Another non one way hash function is: encryption algorithm. If you know the key, you can easily decrypt the output.

Hash Applications

Password Storage

username password
alice 123456
bob rahasia
charlie Password!

Oh, no! Don’t store password in plain text, do you? Why not?

  • The database can be stolen, the whole world will know the passwords
  • We don’t want the system administrator to know the password, do we?

So, how to store it securely while still being able to authenticate the user?

Use hash!

username hash(password)
alice 8237492392332892302183243
bob 2837498234792109348923582
charlie 490447284045892492384232

Upon login, the system will hash the password and compare it with the stored hash.

def check_password(username, password) -> bool:
    stored_hash = get_stored_hash_from_db(username)
    return stored_hash == hash(password)

It’s not secure yet, we will discuss later why.

Q: Why not just encrypt the password?

A: Well, we can, but then we need to decrypt it to compare it with the input. So, the system administrator can still know the password.

Checksum

We can also use hash to check the integrity of a file, i.e. to check whether the file is corrupted/altered or not.
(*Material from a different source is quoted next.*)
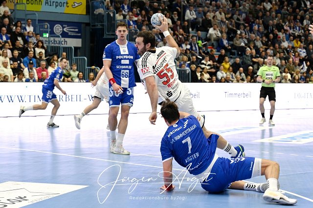 Tobias Wagner (HC Erlangen, #55) gegen Julian Koester (VfL Gummersbach 7) VfL Gummersbach vs. HC Erlangen, Handball, Daikin 1. Bundesliga, 13. Spieltag, Spielzeit 2024-2025, Schwalbe Arena Gummersbach, 08.12.2024 Foto: Eibner-Pressefoto/Juergen Augst |

Let’s say the file contains the following text:

Hello! My name is Alice. I am a student studying computer science. I love cryptography!

We can calculate the hash of the file and store it in a separate file, e.g. checksum.txt

23885728283

If someone alter the file, e.g. by adding a period at the end of the file, the hash will be different.

When we want to check the integrity of the file, we can calculate the hash of the file and compare it with the stored hash.

def check_integrity(filename) -> bool:
    stored_hash = get_stored_hash_from_file(filename)
    return stored_hash == hash(filename)

Many websites provide the hash of the file so that you can check the integrity of the file you download, e.g. OpenOffice

But is it secure? What if someone alter the file and also alter the stored hash? Hash is not secure if the attacker can alter both the file and the stored hash.

We could use a digital signature to tackle this problem, but it’s a topic for another day (or another course).

Attacks on Hash Functions

Preimage Attack

Given a hash h and a hash function H, it should be difficult to find a message m such that H(m) = h.

Let’s say we have the following simple hash function

def hash(s: str) -> int:
    return sum([ord(c) for c in s]) % 1000

secret = "Password"
hashed = hash(secret)
print(hashed)
851

Given that we know that 851, can we find m?

Yes*, we can try all possible values of m until we find the one that produces 983.

common_passwords = ["secret", "1234", "password", "Password"]

for guess in common_passwords:
    if hash(guess) == hashed:
        print("Password cracked! It was:", guess)
        break
Password cracked! It was: Password

But, what if we don’t the password is not in the common password list?

We can find another message m' that produces the same hash h (i.e. find collision).

Look at the previous hash function

def hash(s: str) -> int:
    return sum([ord(c) for c in s]) % 1000

Can we find a string s that produces the same hash as 851?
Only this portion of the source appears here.